Roland, you mentioned 3D tv's.  Our TV recently died and I found a nice
Samsung to repalce it.  One of the options the Samsung came with was 3D.  It
came with two pair of glasses which oddly needed charging.  While I could
have cared less about this option, I must say with those glasses, on the
Samsung TV we have seen some incredible 3D effects.  I think the TV is much
better then the theater experience for 3D.  It is actually wonderful.  It
came as a wonderful surprise how good it is.  JIm

On Tue, May 31, 2011 at 8:10 AM, Roland Lataille <
[email protected]> wrote:

> If this continues, maybe they will have more screens doing 3-D than flat.

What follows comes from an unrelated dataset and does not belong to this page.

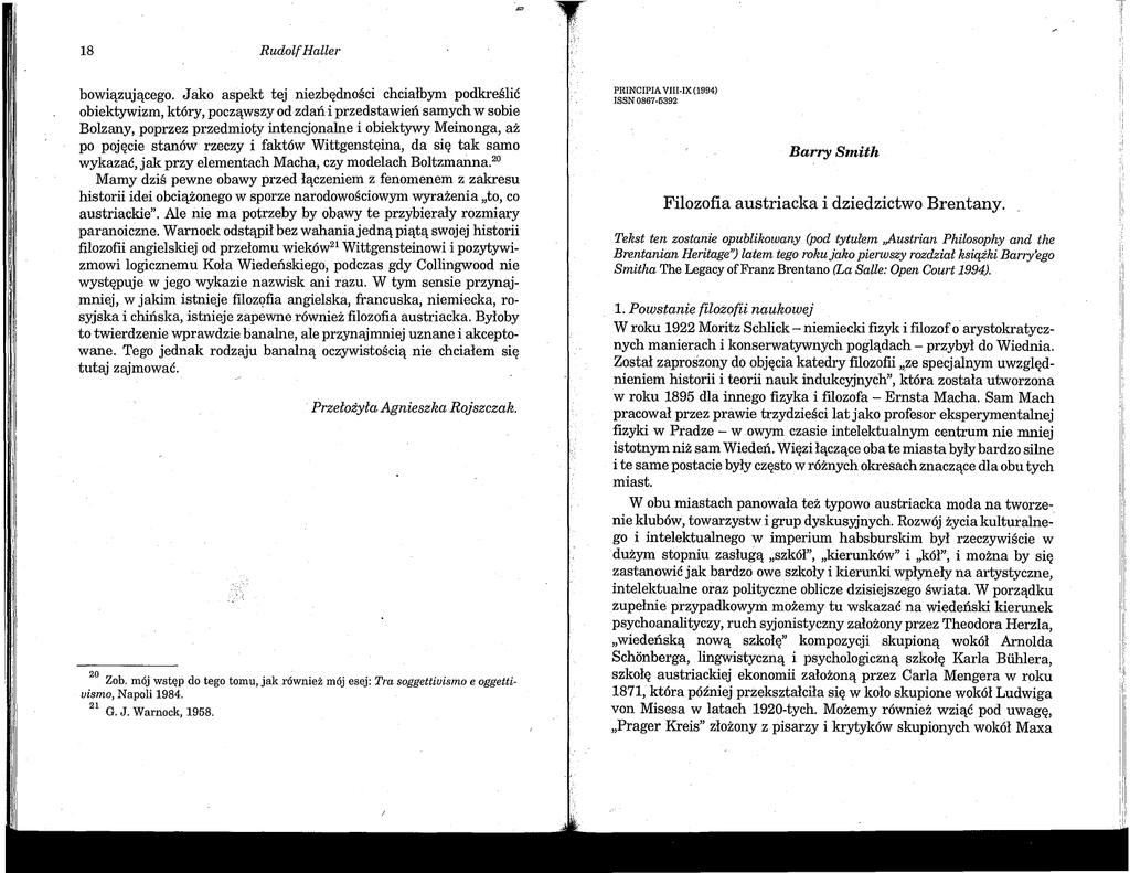 18 Rudolf Haller bowiq_zujq_cego. Jako aspekt tej niezb~dnosci chcialbym podkreslic obiektywizm, kt6ry, poczq_wszy od zdan i przedstawien sam~ch w sobie Bolzany, poprzez przedmioty intencjonalne i obiektywy Memonga, az po poj~cie stan6w rzeczy i fakt6w Wittgensteina, da si~ tak samo wykazac, jak przy elementach Macha, czy modelach Boltzmanna. 20 Mamy dzis pewne obawy przed lq_czeniem z fenomenem z zakresu historii idei obciq_zonego w sporze narodowosciowym wyrazenia ,,to, co austriackie". Ale nie ma potrzeby by obawy te przybieraly rozmiary paranoiczne. Warnock odstqpil bez wahaniajednq_ piq_tq_ swojej historii filozofii angielskiej od przelomu wiek6w21 Wittgensteinowi i pozytywizmowi logicznemu Kola Wiedenskiego, podczas gdy Collingwood nie wyst~puje w jego wykazie nazwisk ani razu. W tym sensie przynajmniej, w jakim istnieje filoz9fia angielska, francuska, niemiecka, rosyjska i chiilska, istnieje zapewne r6wniez filozofia austriacka. Byloby to twierdzenie wprawdzie banalne, ale przynajmniej uznane i akceptowane. Tego jednak rodzaju banalnq_ oczywistosciq_ nie chcialem si~ tutaj zajmowac. · PrzeloiylaAgnieszka Rojszczak. Zob. m6j wst~p do tego tomu, jak r6wniez m6j esej: Tra soggettiuismo e oggettiuismo, Napoli 1984. 21 G. J. Warnock, 1958. 20 PRINCIPIA VIII-IX(1994) ISSN 0867-5392 Barry Smith Filozofia austriacka i dziedzictwo Brentany. Tekst ten zostanie opublikowany (pod tytulem ,,Austrian Philosophy and the Brentanian Heritage'') latem tego rokujako pierwszy rozdzial ksiqiki Barry'ego Smitha The Legacy of Franz Brentano (La Salle: Open Court 1994). 1. Powstanie filozofii naukowej W roku 1922 Moritz Schlick - niemiecki fizyk i filozof o arystokratycznych manierach i konserwatywnych poglq_dach - przybyl do Wiednia. Zostal zaproszony do obj~cia katedry filozofii ,,,ze specjalnym uwzgl~d nieniem historii i teorii nauk indukcyjnych", kt6ra zostala utworzona w roku 1895 dla innego fizyka i filozofa - Ernsta Macha. Sam Mach pracowal przez prawie trzydziesci lat jako profesor eksperymentalnej fizyki w Pradze - w. owym czasie intelektualnym centrum nie mniej istotnym niz sam Wieden. Wi~zi lq_czq_ce oba te miasta byly bardzo silne i te same postacie byly cz~sto w r6znych okresach znaczq_ce dla obu tych miast. W obu miastach panowala tez typowo austriacka moda na tworzenie klub6w, towarzystw i grup dyskusyjnych. Rozw6j zycia kulturalnego i intelektualnego w imperium habsburskim byl rzeczywiscie w duzym stopniu zaslugq_ ,,szk6l", ,,kierunk6w" i ,,k6l", i mozna by si~ zastanowic jak bardzo owe szkoly i kierunki wplynely na artystyczne, intelektualne oraz polityczne oblicze dzisiejszego swiata. W porzq_dku zupelnie przypadkowym mozemy tu wskazac na wiedenski kierunek psychoanalityczy, ruch syjonistyczny zalozony przez Theodora Herzla, ,,wiedenskq_ nowq_ szkol~" kompozycji skupionq_ wok6l Arnolda Schonberga, lingwistycznq_ i psychologicznq_ szkol~ Karla Biihlera, szkol~ austriackiej ekonomii zalozonq_ przez Carla Mengera w roku 1871, kt6ra p6iniej przeksztalcila si~ w kolo skupione wok6l Ludwiga von Misesa w latach 1920-tych. Mozemy r6wniez wziq_c pod uwag~, ,,Prager Kreis" zlozony z pisarzy i krytyk6w skupionych wok6l Maxa Filozofia austriacka i dziedzictwo Brentany. 20 Barry Smith \ r I r 11·.1.' '11 ·111·' . 1jl I: I rl I" . Broda i Franza Kafki, lingwistyczne kolo Romana Jakobsona Jana Mukarovsky'ego i Nikolai Trubetzkoy'a, lub tez, w blizszych' nam czasach, filozoficznq grup~ dyskusyjnq spotykajqcq si~ regul.arnie w mieszkaniu Vaclava Havla, z kt6rej wyr6sl p6foiej trzon czeskiego Forum Obywatelskiego. R6wniez Schlick mial swoje kolo dyskusyjne, kt6re spotykalo si~ w czwartkowe wieczory. Nalezeli do niego przede wszystkim matematycy z kr~gu Hansa Hahna, ucznia Macha i Boltzmanna. Wymienic nalezy Kurta Gi:idla, Gustava Bergmanna, Karla Mengera (syn ekonomisty Carla) oraz asystenta samego Schlicka - Friedricha Waismanna. Do kr~gu Schlicka zaliczyc mozna r6wniez Philippa Franka, Herberta Feigla, Viktora Krafta, Rudolfa Carnapa i oczywiscie socjologa i filozofa o proletariackich manierach i socjalistycznych poglqdach Otto Neuratha. Carnap, poza samym Schlickiem, jest jedynym Niemcem na tej liscie i zadziwiajqce jest jak logiczny pozytywizm, ale i tez scisla albo inaczej - naukowa filozofia, kt6rej cz~sciqjest wlasnie logiczny pozytywizm, byla i jest fenomenem typowo austriackim. W tym kontekscie przychodzi na mysl nie tylko Mach ale r6wniez inna praska postac wczesniejszej generacji - Bernard Bolzano. Bolzano byl ksi~dzem i reformatorem spolecznym. Byl tez zarazem wybitnym logikiem matematycznym i filozofem nauki, choc jego zaslugi na tyro polu doceniono dopiero po jego smierci. Przychodzi r6wniez na mysl Ludwig Boltzmann, dzialajqcy r6wnolegle z Machem, jak i sam Wittgenstein, Ludwik Fleck, Karl Poper, Michael Polany, Paul Feyerabend, Wolfgang Stegmilller i Imre Lakatos - wszyscy oni byli Austriakami (lub Austro-Wegrami), kt6rzy, bardziej lub mniej, przyczynili si~ do uksztaltowania dzisiejszej filozofii nauki. 1 1 . 21 lnnym Austriakiem zasluguj11cym na wspomnienie, jest ekonomista Friedrich von Haye~, o?legly kuzyn Wittgensteina, kt6ry jest autorem zainspirowanych przez Macha roz~az~n natl podstawami psychologii (1952) jak r6wniez pracy o historii i filozofii nauk socJolog1cznych,' Mo~na r6wniez "."spomniec w~gierskiego filozofa i teoretyka socjologii Karla Mannhe1ma, Jednego z glownych zalozycieli tzw. sociologii wiedzy" Zob JC Nyfri, 1989. " " . · . . . Moze najbardziej godnym uwagijest tu Ludwik Fleck. Fleck urodzil w roku 1896 we Lwowie, stolicy Galicji, na wschodnich krancach imperium Habsburg6w. Byl autorem okolo 200 naukowych prac z dziedziny medycyny i mikrobiologii. 2 Byl r6wniez autorem dluzszej pracy filozoficznej opublikowanej w roku 1935 pt. Geneza- i rozw6j faktu naukowego. Wprowadzenie do doktryny stylu poznawczego i mysli kolektywnej, kt6ra interesujqcajest w pierwszym rz~dzie z uwagi na wklad, jaki wniosla do rodzqcej si~ dyscypliny zwanej ,,socjologiq nauki". Antycypowal

> Here in Connecticut, the Manchester Rave theatres are showing Pirates of
> the Caribbean: On Stranger Tides in flat, Disney Digital 3D and Imax 3D.
>
> I work in retail and we do sell a large number of 3D ready TV sets. So
> maybe people are staying home to watch the same movie in 3D?
>
> ------------------------------
> *From:* Kirby McDaniel <[email protected]>
> *To:* [email protected]
> *Sent:* Monday, May 30, 2011 10:16 AM
> *Subject:* [MOPO] SOMEWHAT OFF TOPIC: 3-D FIZZLE?
>
> Will History Repeat Itself?  from today's NY Times
>
> Kirby McDaniel
> www.movieart.net
>
> May 29, 2011
> 3-D Starts to Fizzle, and Hollywood Frets
> By BROOKS BARNES and MICHAEL CIEPLY
> LOS ANGELES — Has the 3-D boom already gone bust? It’s starting to look
> that way — at least for American moviegoers — even as Hollywood prepares to
> release a glut of the gimmicky pictures.
>
> Ripples of fear spread across Hollywood last week after “Pirates of the
> Caribbean: On Stranger Tides,” which cost Walt Disney Studios an estimated
> $400 million to make and market, did poor 3-D business in North America.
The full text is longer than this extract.